Courts rule for detainees
Published 9:00 pm Thursday, December 18, 2003
SAN FRANCISCO — In twin setbacks for the Bush administration’s war on terror, federal appeals courts on opposite coasts ruled Thursday that the U.S. military cannot indefinitely hold prisoners without access to lawyers or the American courts.
One ruling favored the 660 "enemy combatants" being held at the U.S. naval base at Guantanamo Bay, Cuba. The other involved Jose Padilla, an American who was seized in Chicago in an alleged plot to detonate a radioactive "dirty bomb" and was declared as an enemy combatant.
In Padilla’s case, the New York-based 2nd U.S. Circuit Court of Appeals ordered the former gang member released from military custody within 30 days and, if the government chooses, tried in civilian courts. The White House said the government would appeal and seek a stay of the decision.

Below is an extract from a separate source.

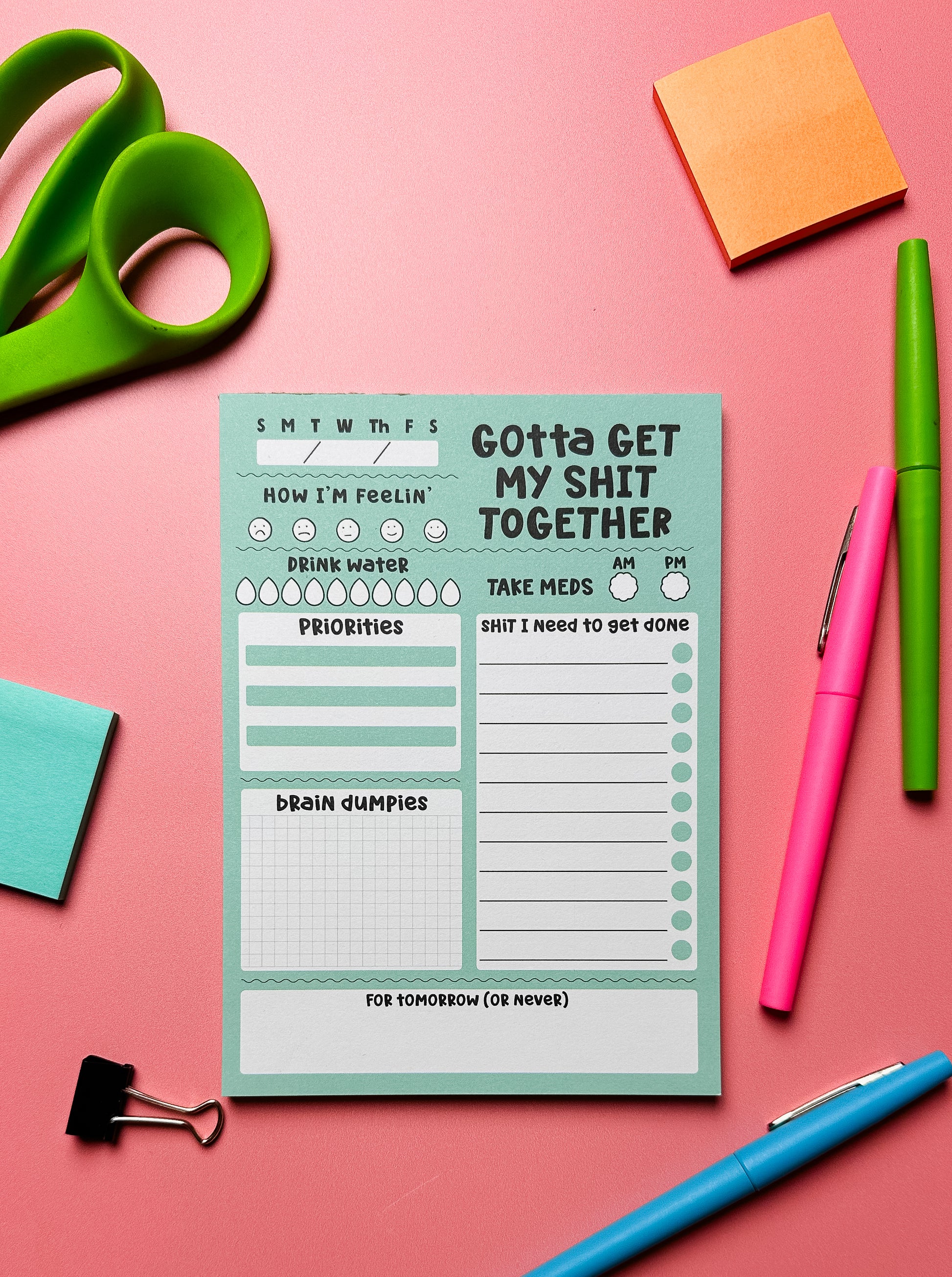 Never forget a thing with the Gotta Get My Shit Together Notepad. This 5x7 in notepad has 50 pages to help you plan your day and remember the important stuff. It includes a '"Gotta Get My Shit Together" daily planner, a meds check, and a brain dump area. Get it together!

In the other case, the San Francisco-based 9th U.S. Circuit Court of Appeals ruled that prisoners held at the Guantanamo Bay Naval Base should have access to lawyers and the American court system. It was the first such ruling by a federal appeals court anywhere in the country.
"Even in times of national emergency — indeed, particularly in such times — it is the obligation of the judicial branch to ensure the preservation of our constitutional values and to prevent the executive branch from running roughshod over the rights of citizens and aliens alike," Circuit Judge Stephen Reinhardt wrote in ruling in favor of a Libyan captured in Afghanistan and held in Cuba.
The two rulings highlighted the tensions between national security and civil rights since Sept. 11, 2001.
An order by President Bush in November 2001 allows captives to be detained as "enemy combatants" if they are members of al-Qaida, engaged in or aided terrorism, or harbored terrorists. The designation may also be applied if it is "the interest of the United States" to hold an individual during hostilities.
The Justice Department this week said such a classification allows detainees to be held without access to lawyers until U.S. authorities are satisfied they have disclosed everything they know about terrorist operations.
But the New York court ruled 2-1 that Padilla’s detention as an enemy combatant was not authorized by Congress and that the Bush administration could not designate him as an enemy combatant without such approval.